In their book The Spirit Level, Richard Wilkinson and Kate Pickett have argued strongly that inequality is divisive and socially corrosive and that as a result inequality negatively affects not only the worst-off but also the best-off. This applies also to the mental and physical health of the best-off. In very unequal societies, the best-off look for ways to isolate themselves from those below them and from the all the problems that inequality causes in society. But despite this, their lives are negatively affected by the inequality from which they benefit. Inequalities as such, negatively affect people’s capabilities (in the sense of economist Amartya Sen and philosopher Martha Nussbaum) and the structure and stability of the cooperative scheme (in the sense of philosopher Allan Buchanan).

David Owen (Lord Owen) has argued for the existence of what he calls the Hubris Syndrome, an acquired personality disorder triggered by the exercise of power that leads people in positions of power to impulsive decisions as a result of excessive self-confidence, narcissism, and contempt for other and for their opinions. According to Owen, hubris is a problem of public concern, as the decisions of those who acquire this personality disorder (politicians and corporate executives in particular) can cause – and often do cause – harm on large numbers of ordinary people. Owen has argued that, for example, the Iraq war and the financial crisis of 2008 were caused by hubris.

Credit: Wellcome Library, London
Data from anthropological, archeological and primatological research suggest that our ancestors lived in simple egalitarian hunter-gatherer societies for at least a million year during the Pleistocene. Before that time, our ancestors lived in hierarchically structured societies (with a structure probably similar to that of chimpanzee groups) and hierarchy emerged again in our lineage with the domestication of plant and animals. Anthropologist Christopher Boehm (starting also from Frans De Waal’s research on chimpanzee politics) has argued that the deep-rooted drive to dominate of some individuals and the aversion to being dominated that is present in virtually everyone have played an important role in these transitions (in interaction with changing ecological conditions). I have argued in some of my work that such transitions and the psychological mechanisms underpinning them played an important role in the emergence of human morality. But obviously the structure of human cooperation changes over time.

What role does success understood in terms of the drive for power, wealth and fame play nowadays in people’s lives and in human societies? What can societies do in relation to this drive and to the harm it causes? And what should they do? Inequalities in power, wealth and fame play an important role in structuring complex human cooperation.
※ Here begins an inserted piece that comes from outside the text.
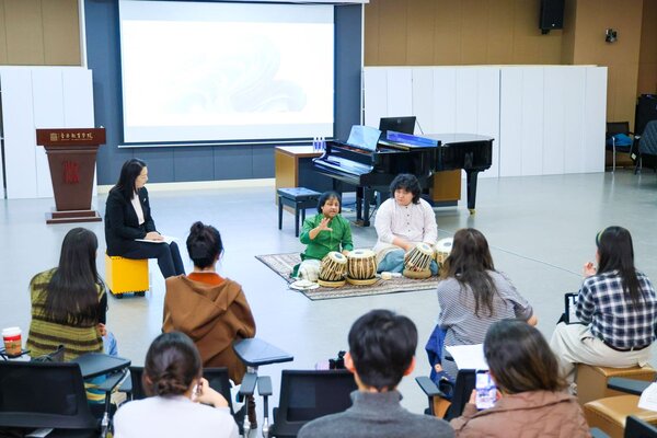 Bivakar Choudhury教授带来的印度塔布拉鼓工作坊同样精彩。他从印度塔布拉鼓的由来讲起——羊皮蒙面、双音变幻,娓娓道出鼓乐与信仰的千年渊源。随后,他讲述了印度音乐中独具魅力的“汀塔拉”节奏,引领学员步入那片色彩斑斓、充满异域风景的韵律秘境。在互动环节,他带领学生尝试击打出陌生却迷人的节拍,仿佛跟随时光的驼铃,踏上了一场穿越丝路的音乐之旅。“这个工作坊像一场文化的探险,让我们在节奏的缝隙中,聆听不一样的东方智慧,感受音乐与天地的共鸣回响。”
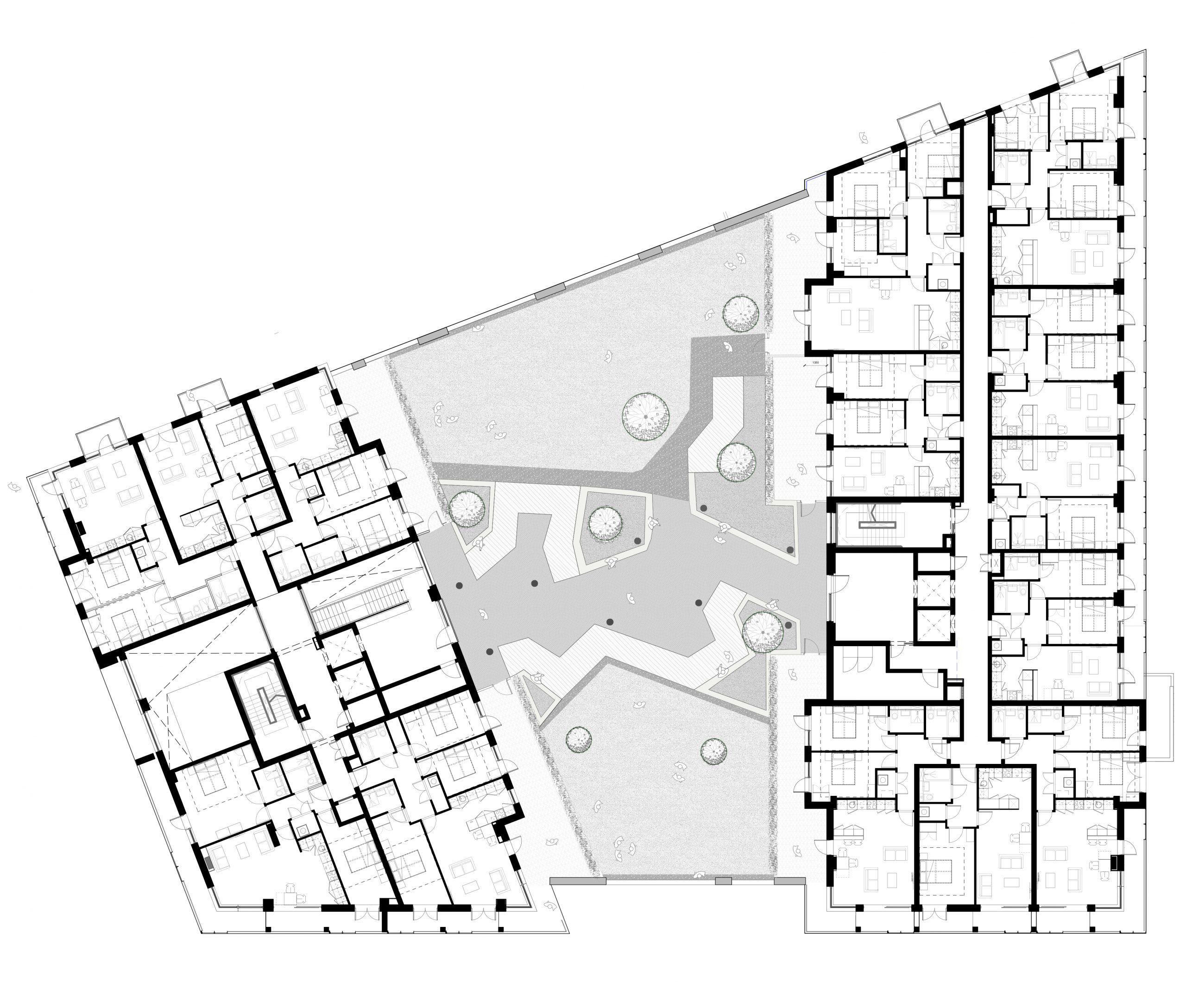 Sitting within a landscape focussed masterplan, the building forms a focal point along a new pedestrian promenade route where activity spills out from the ground level retail and commercial units.

Some economists and philosophers argue that inequalities of this kind – or more precisely, the unequal distribution of societal rewards – are both inevitable in and necessary for human complex cooperation. But is this really true? Or is it possible to invent ways of living and cooperating that make room for differential rewards and interactions among equals, “without reason for fear or deference”? The aim of the project is to develop an empirically-grounded philosophical reflection on these issues.